Commentators immediately recognized that the “unfairness” theory at the heart of the FTC’s lawsuit represented a departure from the FTC’s prior practice of focusing its privacy violation inquiries on whether a company’s data collection practices are “deceptive” towards consumers, due to procedural failures like inadequate privacy notices or a failure to obtain required consumer consents. As such, they rightly characterized the FTC’s action as being a groundbreaking one that could have widespread implications for businesses collecting consumers’ geolocation data, as it had the potential for prohibiting collection of geolocation data outright, rather than merely prohibiting such collection from being done deceptively. And they questioned whether the FTC could meet its burden of proving a Section 5(a) violation based on such collection efforts being “unfair” towards consumers within the meaning of Section 5.

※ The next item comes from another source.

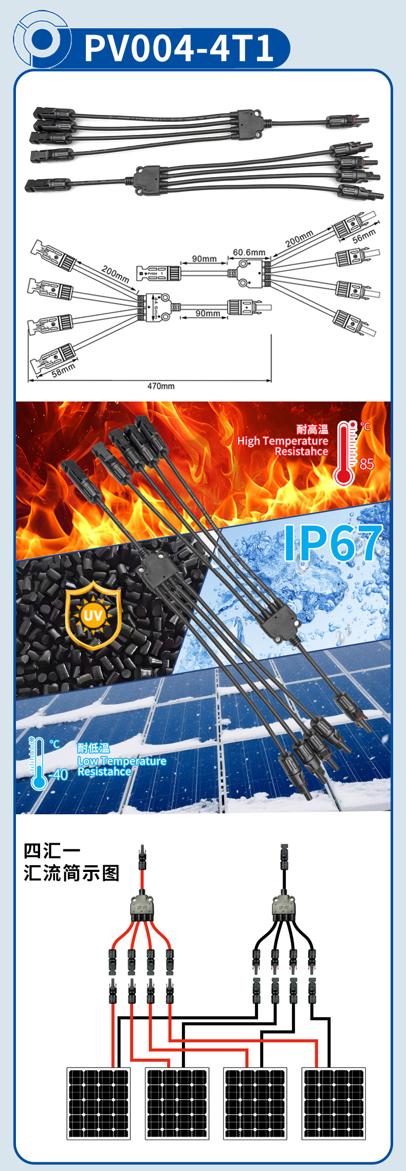 PV004-4T1四汇一Y型光伏连接器1000V
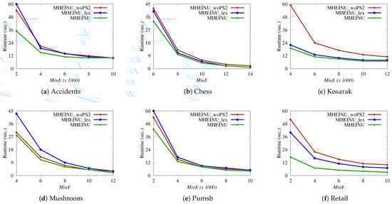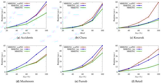 For example, for the Accidents dataset, when considering 20% of the dataset, the algorithms exhibited nearly identical runtimes. However, as the dataset size increased, MHEINU demonstrated a growing performance advantage. Specifically, for the Accidents dataset at 20%, 40%, 60%, 80%, and 100% sizes, MHEINU ran 0.8 and 0.13 s faster than MHEINU_woPS2 and MHEINU_lex at 20%, 2.29 and 1.8 s faster at 40%, 5.14 and 5.32 s faster at 60%, 8.59 and 8.93 s faster at 80%, and 18.41 and 24.21 s faster at 100%. Similarly, for the other datasets, while the algorithms had similar runtimes at the lowest dataset sizes, MHEINU’s superiority became increasingly evident as the size grew. At the 100% dataset size, the results for the other datasets were as follows. For the Chess dataset, MHEINU outperformed MHEINU_woPS2 by 9.84 s and MHEINU_lex by 7.1 s. On the Kosarak dataset, MHEINU was 40.1 s faster than MHEINU_woPS2 and 3.02 s faster than MHEINU_lex. In the case of the Mushroom dataset, MHEINU ran 4.2 s faster than MHEINU_woPS2 and 15.6 s faster than MHEINU_lex. For the Pumsb dataset, MHEINU was 10.55 s faster than MHEINU_woPS2 and 16.28 s faster than MHEINU_lex. Finally, for the Retail dataset, MHEINU exhibited a remarkable runtime advantage, being 34.37 s faster than MHEINU_woPS2 and 22.3 s faster than MHEINU_lex. In summary, the results highlight that MHEINU exhibited better scalability compared to the other algorithms as the dataset size increases.

The District Court has subsequently rendered two rulings on the legal sufficiency of the unfairness theory being advanced by the FTC against Kochava, the first on May 4, 2023 (“Kochava I”) and the second on February 3, 2024 (“Kochava II” and, jointly with Kochava I, the “Kochava Rulings”). Among other issues, the Kochava Rulings address whether the FTC’s claim against Kochava is affected by Section 5(n) of the FTC Act, the first sentence of which provides that the FTC “shall have no authority under” Section 5 of the FTC Act to declare an act or practice unlawful on the grounds that such act or practice is “unfair” within the meaning of Section 5(a) “unless the act or practice [1] causes or is likely to cause substantial injury to consumers [2] which is not reasonably avoidable by consumers themselves and [3] not outweighed by countervailing benefits to consumers or to competition.” Specifically, the in the Kochava Rulings the District Court ruled that:
• An intangible injury such as “invasion of privacy” can constitute “substantial injury” to a consumer within the meaning of Section 5(n)’s first prong.
• An act or practice is “likely” to cause an injury to a consumer within the meaning of Section 5(n)’s first prong where it creates a “significant risk” that the consumer will incur that injury.
• An act or practice is sufficiently alleged to fail the cost-benefit test inherent in Section 5(n)’s third prong merely by alleging that the cost of safeguards to prevent the consumer injury threatened by the act or practice would be “reasonable.”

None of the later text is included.